Life Imitates Cartoon


I’m here to report that filling my new life up watching Turner Classic Movies and an endless string of old Simpsons' episodes in lieu of my old habit of consuming cable news and online editions of daily newspapers has only had one shameful moment. One day an adult female friend of Lorna’s walked into the house, and I had to explain why I was watching a cartoon in the middle of the afternoon. Other than that, not only have I found the combo of TCM and The Simpsons intellectually stimulating, but they’ve proven far more reliable in explaining the society we’re living in than the never-ending parade of TV pundits who have so tramped over the meaning of journalism that it is indistinguishable from elephant droppings.

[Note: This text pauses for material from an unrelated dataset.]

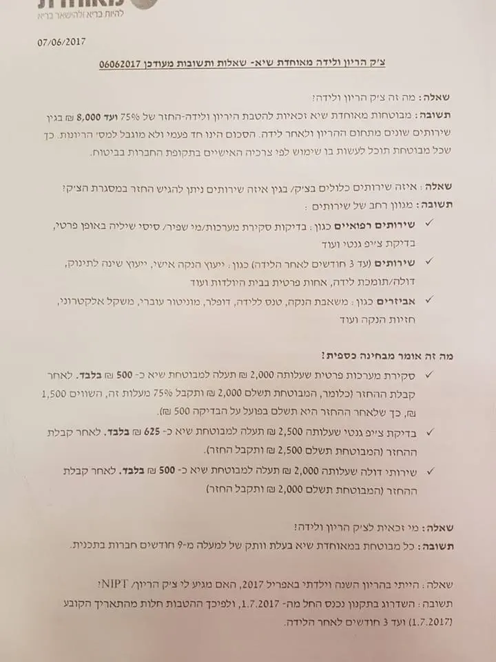 מקבלים החזר עד 2000 ש"ח בהריון ועד 50% מההוצאה על בדיקות פרטיות, קורסי הכנה ללידה, דולה, יועצת הנקה ועוד

The Simpsons has been especially sharp in its perceptions. In an episode from 2000, called Bart to the Future, it even predicted a Trump presidency. Given the Fake News Era we live in, that wasn’t enough of an animated moment for some who then proceeded to try and gild the lily by manufacturing more Trump prophecy moments from The Simpsons. Those efforts compelled Buzzfeed and Snopes to research and debunk the phony moments, which in turn cast doubt on whether The Simpsons ever actually predicted a Trump presidency...and down goes the rabbit hole. As I wrote last week, this nonstop retrofitting, reimagining, and reincarnation of fact as fancy was beyond George Orwell’s scope in 1984.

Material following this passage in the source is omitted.